◆ Problem ◆
The pictures get left out, but everything else in the listing below must be duplicated exactly.

◆ Stored data ◆
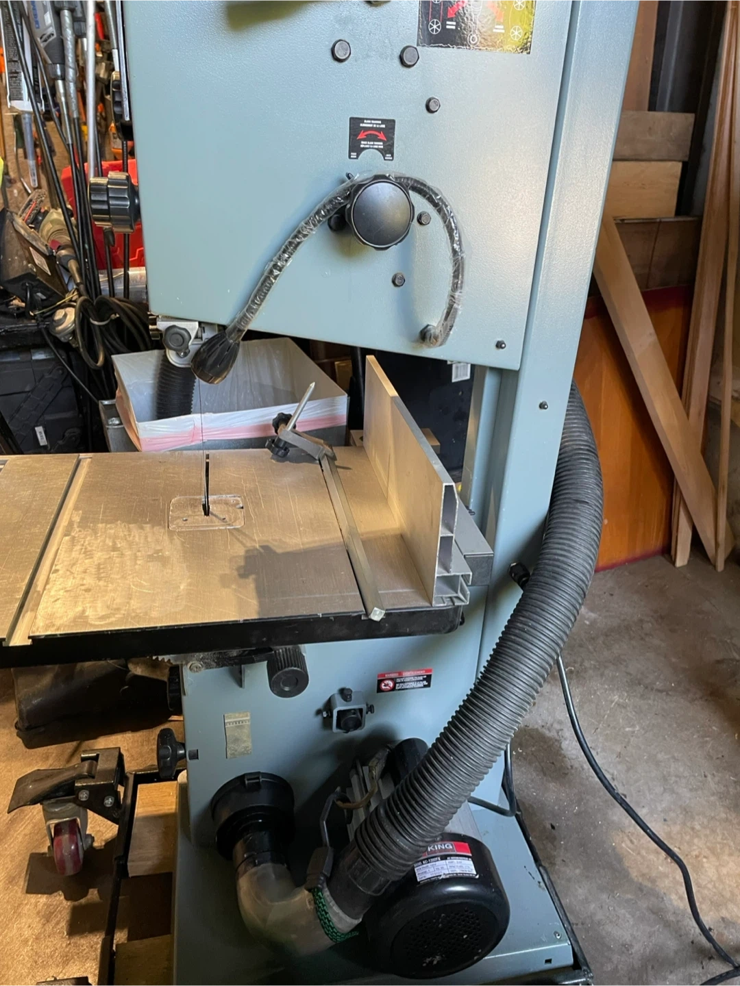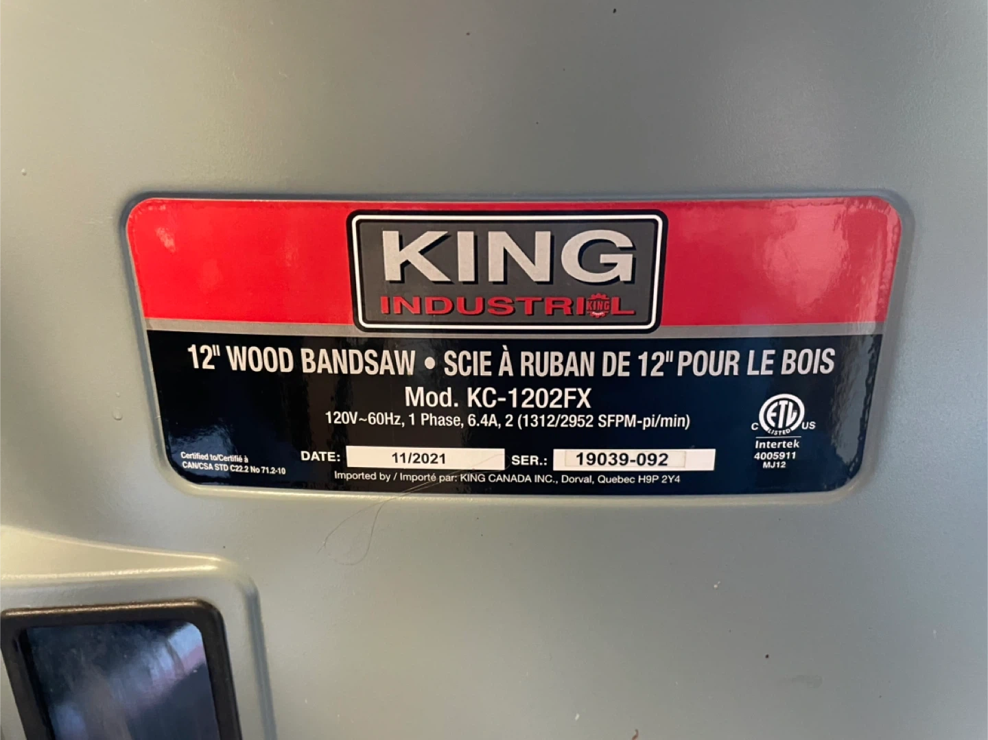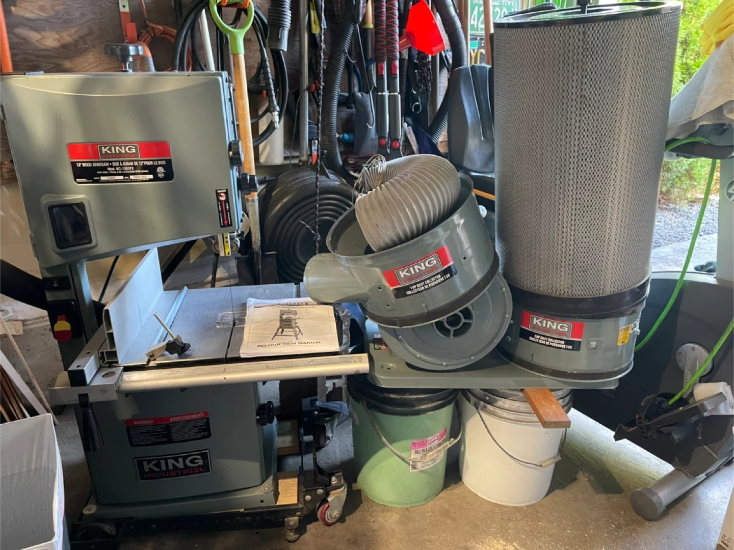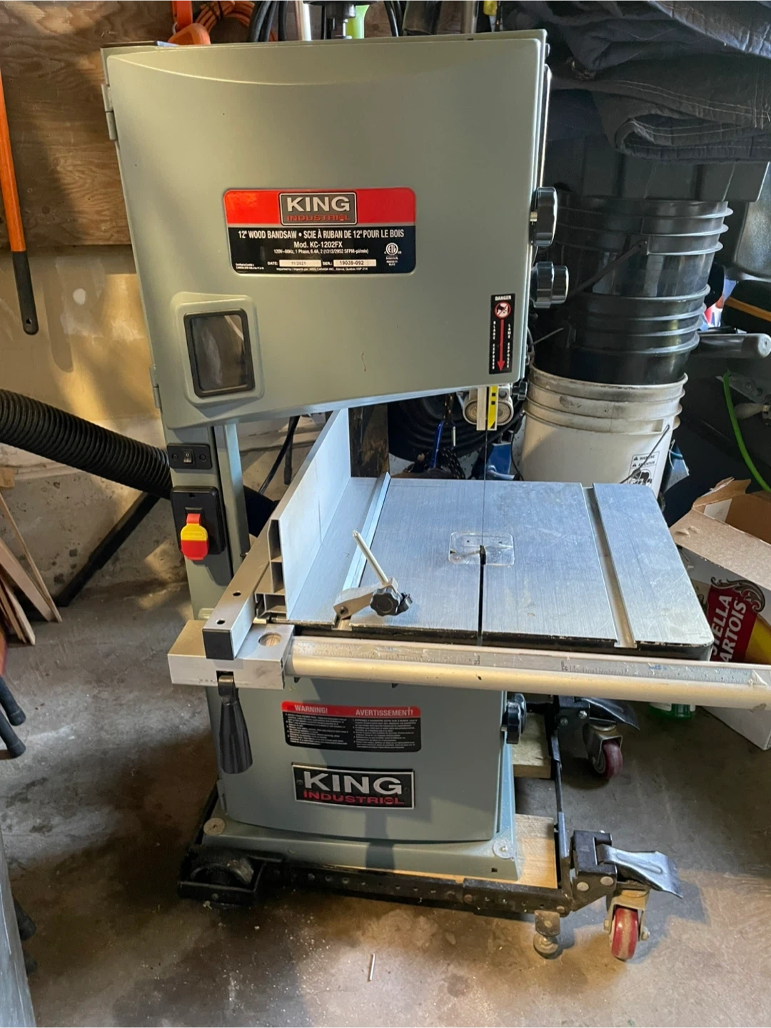 Selling a King Industrial 12" Wood Bandsaw with Stand. The model number is KC-1202FX. It also comes with the instruction manual. A great addition to any workshop. Includes 1hp King Canada dust collector.
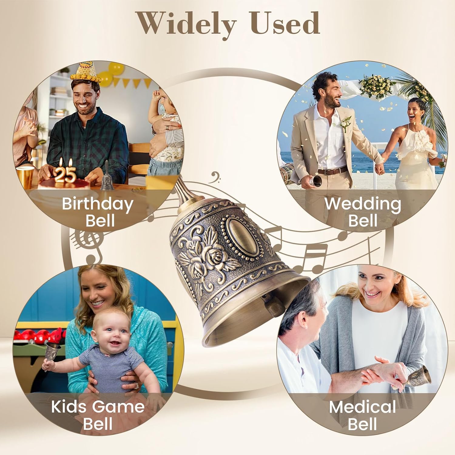 - EYE-CATCHING - Our Extra-Loud and Multi-Purpose Hand Call Bell comes with floral design, vintage style. Vivid patterns engraved on the bell are riveting, enthralling and appealing.
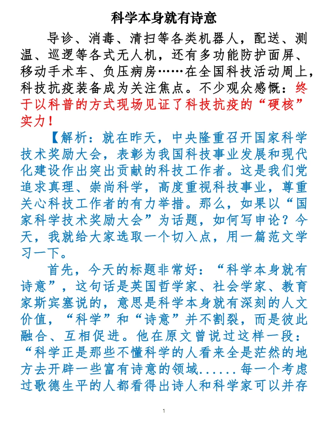 就在昨天,中央隆重召开国家科学技术奖励大会,表彰为我国科技事业发展和现代化建设作出突出贡献的科技工作者。这是我们党追求真理、崇尚科学,高度重视科技事业,尊重关心科技工作者的有力举措。 如果以“国家科学技术奖励大会”或“科学技术”为话题,如何写申论?今天,我就给大家选取一个切入点,用一篇范文学习一下。
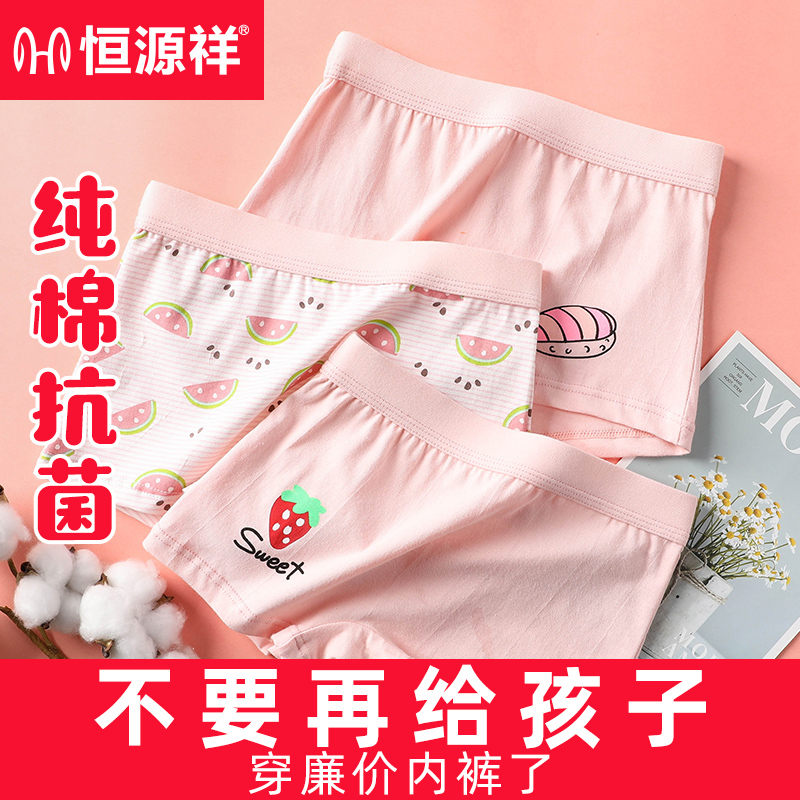 【产品名称:恒源祥女童内裤儿童纯棉四角不夹pp全棉宝宝大童小女孩平角短裤夏】

◆ Problem solution ◆
 Selling a King Industrial 12" Wood Bandsaw with Stand. The model number is KC-1202FX. It also comes with the instruction manual. A great addition to any workshop. Includes 1hp King Canada dust collector.
 - EYE-CATCHING - Our Extra-Loud and Multi-Purpose Hand Call Bell comes with floral design, vintage style. Vivid patterns engraved on the bell are riveting, enthralling and appealing.
 就在昨天,中央隆重召开国家科学技术奖励大会,表彰为我国科技事业发展和现代化建设作出突出贡献的科技工作者。这是我们党追求真理、崇尚科学,高度重视科技事业,尊重关心科技工作者的有力举措。 如果以“国家科学技术奖励大会”或“科学技术”为话题,如何写申论?今天,我就给大家选取一个切入点,用一篇范文学习一下。
 【产品名称:恒源祥女童内裤儿童纯棉四角不夹pp全棉宝宝大童小女孩平角短裤夏】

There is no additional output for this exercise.